Every summer, the same thing happens. My neighbor Karen shows up at my door with a paper bag full of zucchini from her garden. "I just have TOO MANY," she says, as if she didn't plant 12 plants on purpose.


Before celiac, I'd turn them into zucchini bread and give half the loaves back to Karen. It was our thing.


After diagnosis? Every GF zucchini bread recipe I tried was either dry, gummy, or tasted like cardboard with green specks in it. The zucchini piled up. Karen kept bringing more. I started leaving them on my OTHER neighbor's porch like a vegetable vigilante.


Then I cracked the code. The secret to moist GF zucchini bread isn't more zucchini — it's Greek yogurt. That one ingredient changed everything.


Now Karen brings me zucchini, I bake her bread, and she has NO IDEA it's gluten-free. She told her book club it's "the best zucchini bread she's ever had." She doesn't need to know the truth.


Why This Recipe Works


  • Impossibly moist — Greek yogurt adds fat, protein, AND moisture. It's the cheat code for GF baking. Combined with oil (not butter), this bread stays moist for DAYS.
  • Perfect spice balance — Cinnamon, nutmeg, AND allspice. Most recipes use only cinnamon. The triple spice creates that warm, complex flavor that makes people say "what IS that?"
  • Not too sweet — Brown sugar gives a caramel depth without making it taste like cake.

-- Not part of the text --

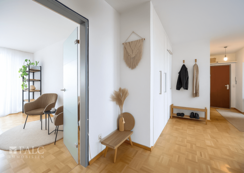 Das absolute Highlight dieser Wohnung ist zweifellos das großzügige Wohnzimmer von rund 22 m². Über den direkten Zugang zum sonnigen Südbalkon eröffnet sich Ihnen ein atemberaubendes Panorama mit Blick bis zu den Alpen – pures Münchner Lebensgefühl garantiert! Der Balkon ist zudem mit einer stilvollen Glasüberdachung ausgestattet.

This is bread, not dessert. (Unless you add the chocolate chips. Then it's definitely dessert.)
  • Freezer superhero — Makes a full loaf. Slice, freeze, and pull individual slices for breakfast or snacks all month.
  • Zucchini = invisible nutrition — The zucchini melts into the bread. Kids don't see it, don't taste it, don't know it's there. Stealth vegetables at their finest.

  • The Squeeze Step (Don't Skip)


    This is the #1 mistake in GF zucchini bread: too much moisture.


    Zucchini is 95% water. If you dump grated zucchini straight into batter, all that water turns your bread into a soggy, dense brick that takes 90 minutes to bake and still has a gummy center.


    The fix: After grating, place the zucchini in a clean kitchen towel, cheesecloth, or fine-mesh strainer. SQUEEZE like you mean it. You'll be shocked how much liquid comes out — usually 1/4 to 1/2 cup of green water.


    Squeezed zucchini = moist bread with a proper bake time and tender crumb.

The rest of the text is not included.